What is needed
Restate word for word the entries below, starting at the line with "Plush upholstery meets" and ending at the line with "Самокат оснащен ручной". Keep both end lines and omit the pictures.

Material provided
++++++++
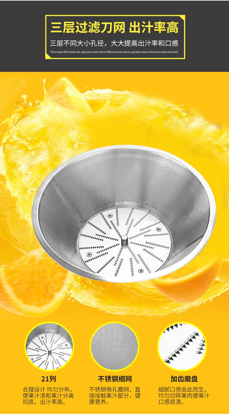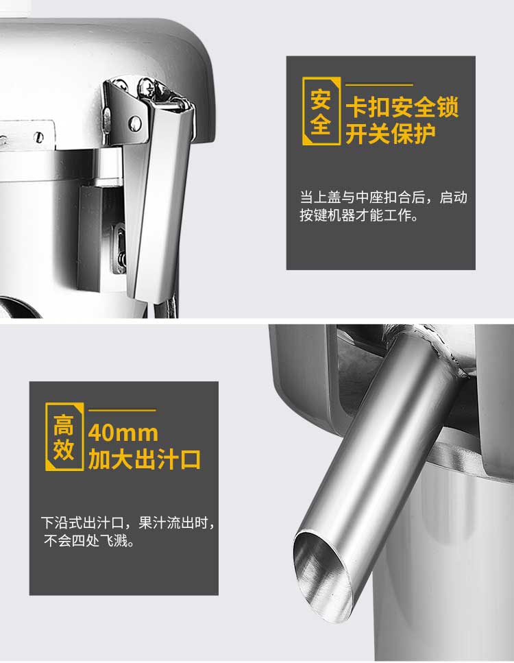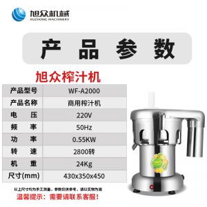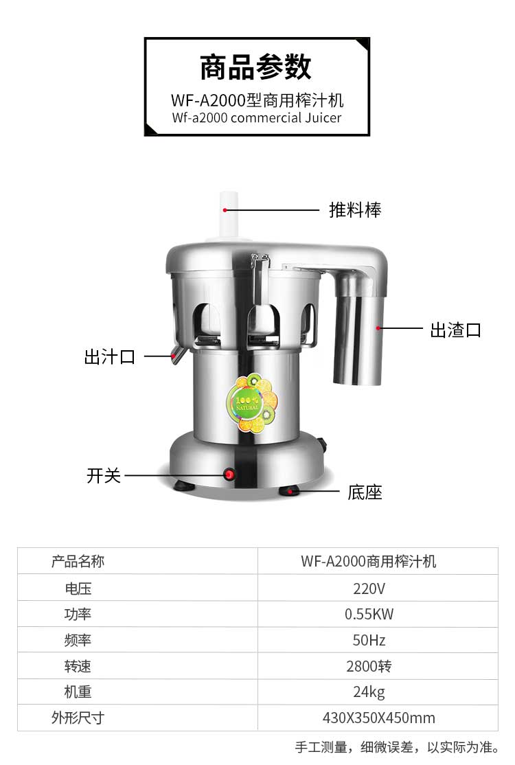 WF-A2000商用榨汁機,該機所榨出的汁液是現榨的原汁,不含任何人為的防腐劑、穩定劑、色素、香精、水等,凡與榨汁接觸的原件均為不銹鋼和無毒塑料聚丙烯和 A.B.S,食用安全。
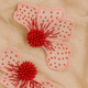 - Composition: Glass beads, silk organza, gold-plated brass stem.
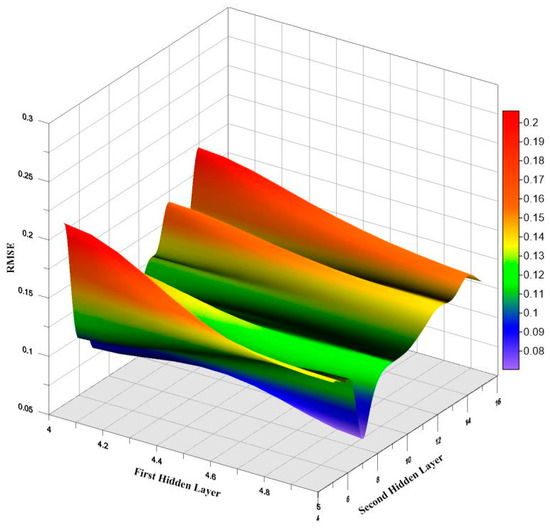 After numerous iterations, the best-performing ANN model was identified as the one using the trainlm function in MATLAB with 5 and 7 neurons in the hidden layers. The performance of the developed models was evaluated using statistical indices, including RMSE, MSE, MAE, and correlation coefficient R, with the results shown in Figure 4. From the figure, it is evident that the network with 5 and 7 neurons in the hidden layers yielded the best RMSE values, which were 0.049.
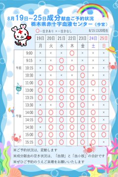 【血液センター今宮】8月19日(月)~8月25日(日)成分献血ご予約状況全血400mLのご予約は、土日を含めてまだ多数空いております最新状況は「ラブラッド」からご確認いただけますWeb版https:/..
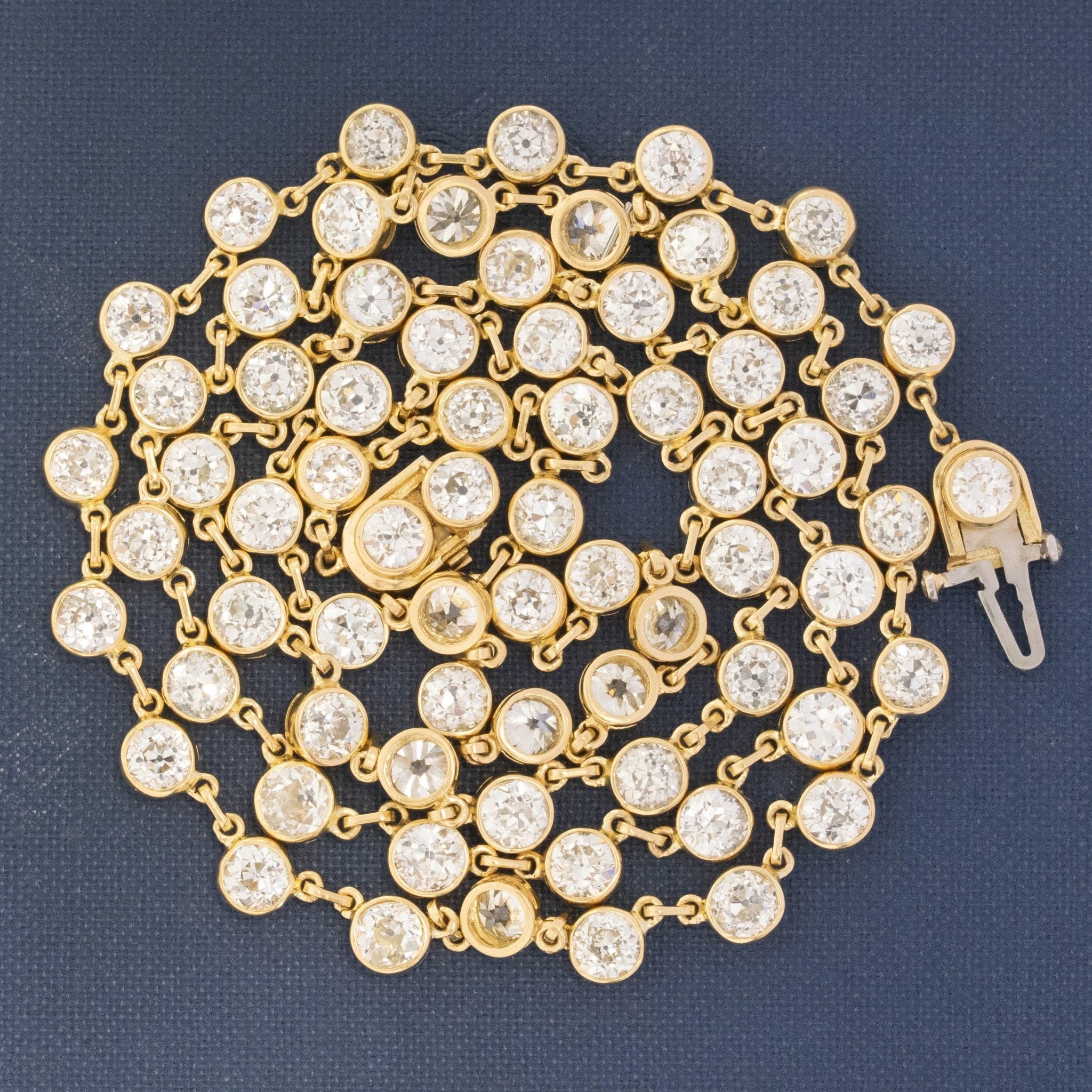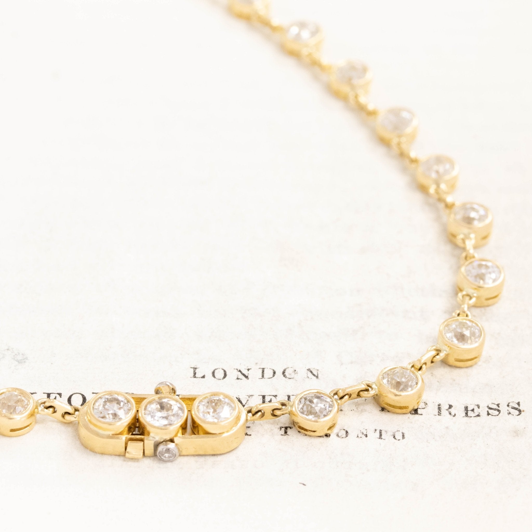 When we put this necklace on, all we can think of is - MAGNIFICENT! And she is all that, and then some! The diamonds are all upcycled (and collected over some time) old European cut diamonds sourced as a big parcel which we set in a custom-commissioned, hand-crafted 18kt yellow gold bezels and chain. The diamonds are all matched perfectly, twinkling and sparkling like mad on the chest. Its literally like wearing a disco ball on your neck!
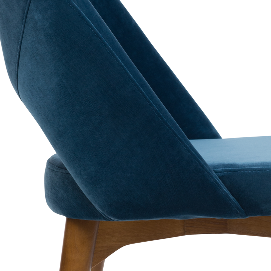 Plush upholstery meets a meticulously crafted frame, where each leg’s precise angle contributes to both stability and sculptural rhythm.
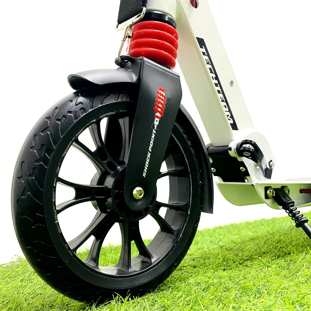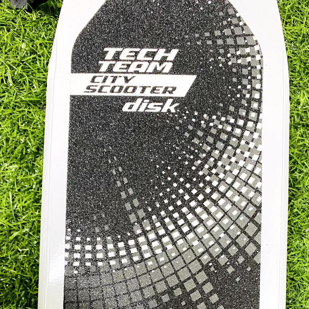 Самокат оснащен ручной дисковой тормозной системой. Украшенная по последнему писку моды техника привлекает внимание эстетически и технически.
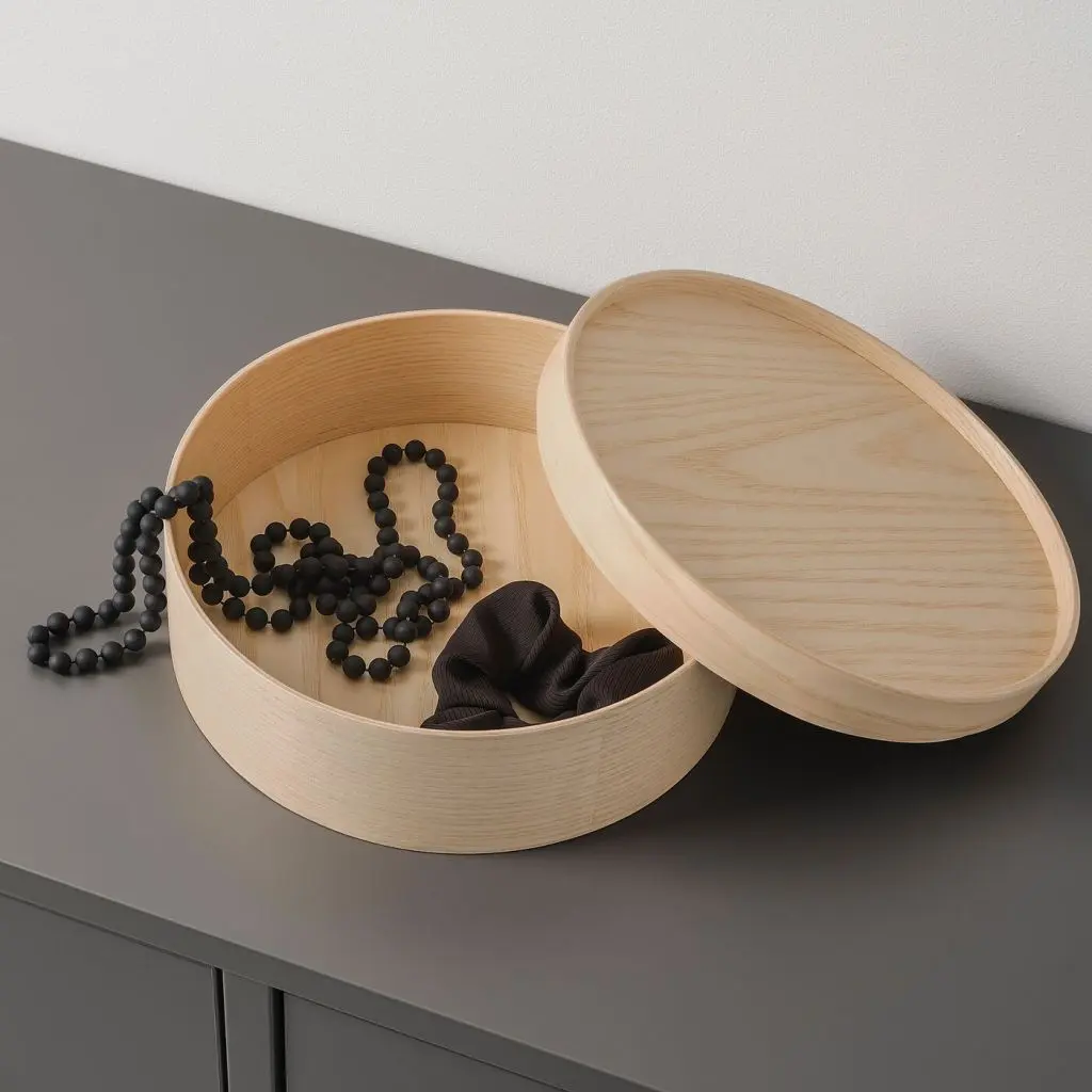 Эта коробка плавной округлой формы из ясеневого шпона с годами будет выглядеть только лучше и привлечет внимание, куда бы вы ее ни поставили.
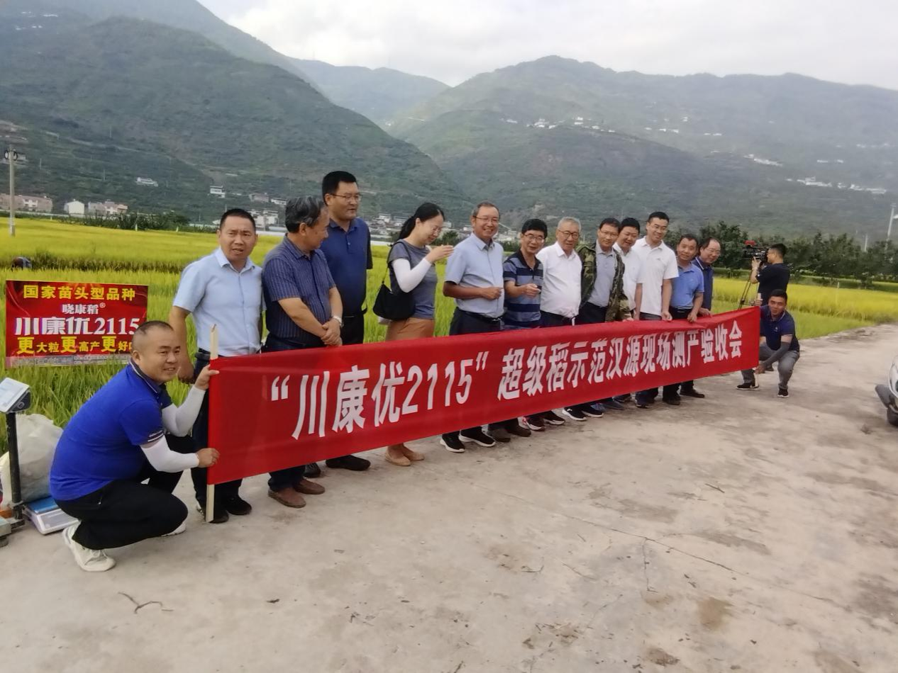 9月4日,受农业农村部委托,四川省农业农村厅组织中国水稻研究所、贵州省农作物技术推广总站以及省内从事水稻科研、管理、推广等多位专家,在雅安市汉源县九襄镇刘家村5组对永利yl23411集团官网黄富教授团队主持育成的杂交水稻新品种“川康优2115”百亩示范片进行了现场测产验收。
++++++++
Written reply
 Plush upholstery meets a meticulously crafted frame, where each leg’s precise angle contributes to both stability and sculptural rhythm.
 Самокат оснащен ручной дисковой тормозной системой. Украшенная по последнему писку моды техника привлекает внимание эстетически и технически.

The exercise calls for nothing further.